And then that extends to preserving part of the solar system while exploiting other star systems.
I don’t put a LOT of weight behind that argument—not only is it pretty tenuous (we don’t have any clue how many humans or in what condition the AI will decide is valuable enough to keep—note that we haven’t kept very many ancient ruins), but it ignores the ramp-up problem—the less-capable versions that are trying to get smart and powerful enough to get off of Earth (and then out of the solar system) in the first place.
I would agree with this. The easiest way to “encourage” ASI to leave humans alone would be for humans to arm themselves with the most powerful weapons they can produce, helped by the strongest AI models humans can reliably control. This matter needs to fight back, see Geohot.

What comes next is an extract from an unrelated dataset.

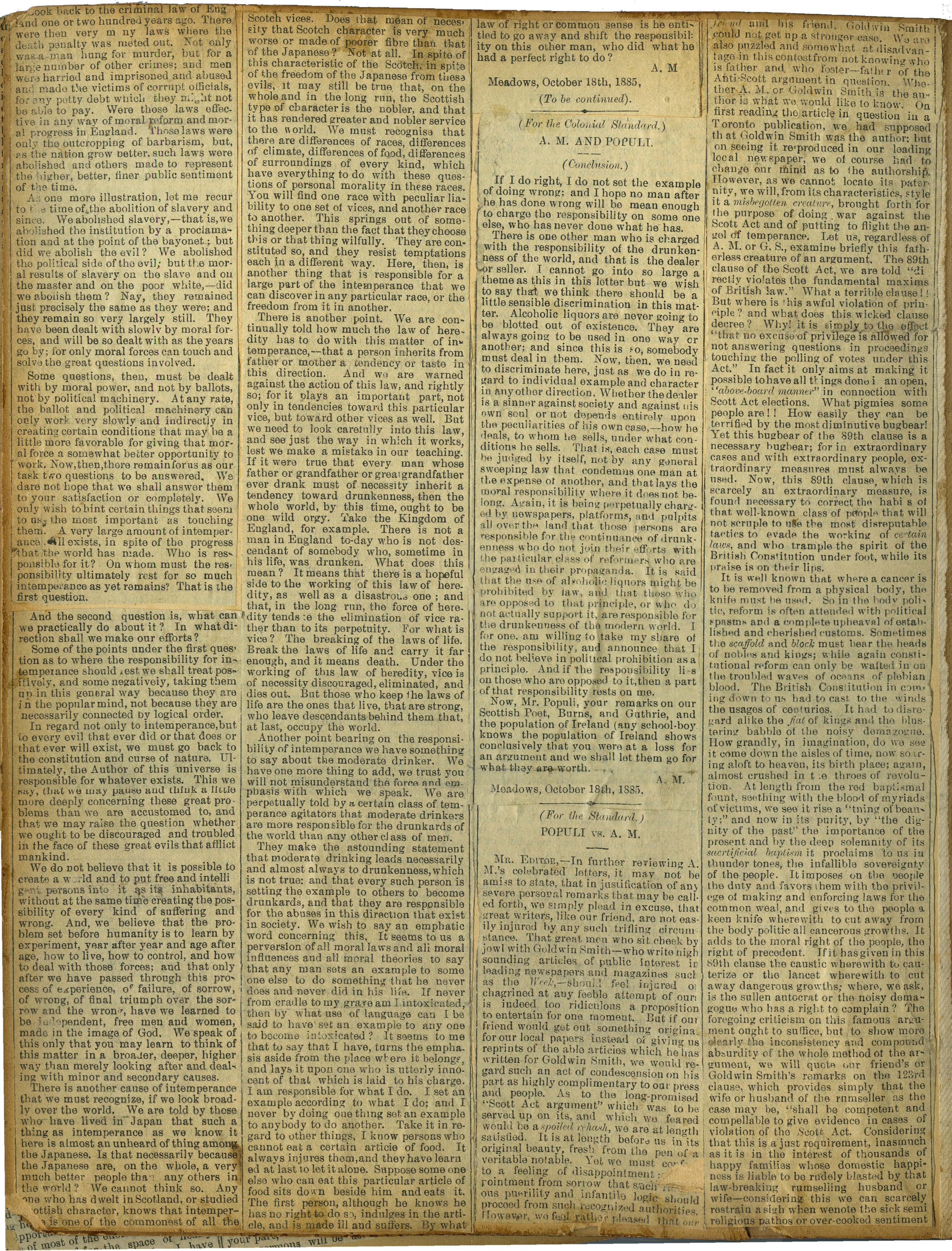Conclusion of letter to the editor of the Colonial Standard by AM dated Meadows, 18 October 1885 and first part of letter from Populi dated River John, 20 October 1885.

Depends on doom definition? There’s an awful lot of weird futures that might happen that aren’t “everyone is dead and nothing but some single ai is turning the universe to cubes” and “human paradise”. Nature is weird, even our own civilization is barely recognizable to our distant ancestors. We have all kinds of new problems they could not relate to.
I think my general attitude is more that I am highly uncertain what will happen but I feel that an AI “pause” or “shutdown” at this time is clearly not the right decision, because in the past, civilizations that refused to adopt and arm themselves new technologies did not get good outcomes.

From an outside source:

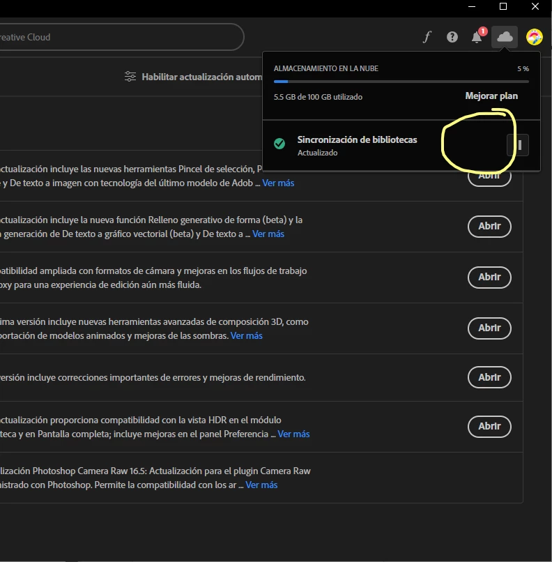 Hola, estoy tratando de cambiar la carpeta para ubicar los archivos que quiero sincronizar con el Adobe Cloud, pero no me aparece la opcion para editar la sincronizacion.

I think such choices need to be based on empirical evidence that would convince any rational person. Claiming you know what will happen in the future without evidence is not rational. There is no direct evidence of the Orthogonality hypothesis or most of the arguments for AI doom. There is strong evidence that gpt-4 is useful and a stronger model than gpt-4 is needed to meet meaningful thresholds for general utility.
A rationalist and an empiricist went backpacking together. They got lost, ended up in a desert, and were on the point of death from thirst. They wander to a point where they can see a cool, clear stream in the distance but unfortunately there is a sign that tells them to BEWARE THE MINE FIELD between them and the stream.

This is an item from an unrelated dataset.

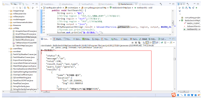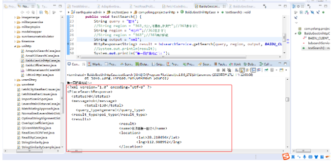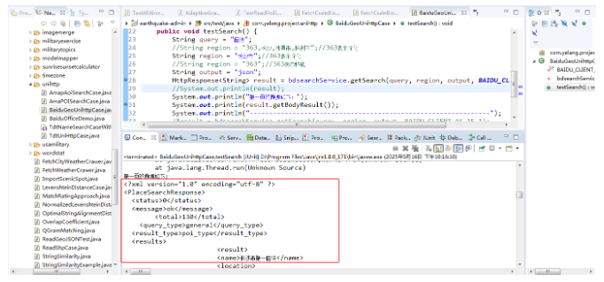 完成以上的定义之后,我们就可以来调用相关的接口实现关键字的指定行政区划检索,执行结果如如下图所示:
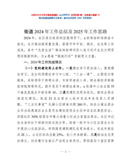 / 街道2024年工作总结及2025年工作思路

The rationalist says, “Let’s reason through this and find a path.” The empiricist says, “What? No. We’re going to be empirical. Follow me.” He starts walking through the mind field and gets blown to bits a few steps in.
The rationalist sits down and dies of thirst.
Alternate endings:
The rationalist gets killed by flying shrapnel along with the empiricist.
The rationalist grabs the empiricist and stops him. He carefully analyzes dirt patterns, draws a map, and tells the empiricist to start walking. The empiricist blows up. The rationalist sits down and dies of thirst chanting “The map is not the territory.”
The rationalist grabs the empiricist, analyzes dirt patterns, draws map, tells empiricist to start walking. Empiricist blows up. Rationalist says, “Hmmm. Now I understand the dirt patterns better.” Rationalist redraws map. Walks through mind field. While drinking water takes off fleece to reveal his “Closet Empiricist” t-shirt.
They sit down together, figure out how to find some magnetic rocks, build a very crude metal detector, put it on the end of a stick, and start making their way slowly through the mine field. Step on a mine and a nuclear mushroom cloud erupts.
So how powerful are those dad gum land mines?? Willingness to perform certain experiments should be a function of the expected size of the boom.
If you think you are walking over sand burs and not land mines, you are more willing to be an empiricist exploring the space. “Ouch don’t step there” instead of “Boom. <black screen>”
If one believes that smarter things will see >0 value in humanity, that is, if you believe some version of the Human Worth Hypothesis, then you believe the land mines are less deadly and it makes sense to proceed...especially for that clear, cool water that could save your life.
I’m not really making a point, here, but just turning the issues into a mental cartoon, I guess.
Okay, well, I guess I am trying to make one point: There are experiments one should not perform.
Okay, well, I guess I am trying to make one point: There are experiments one should not perform.
So this came up in an unpublished dialogue. How do we know a nuclear war would be devastating?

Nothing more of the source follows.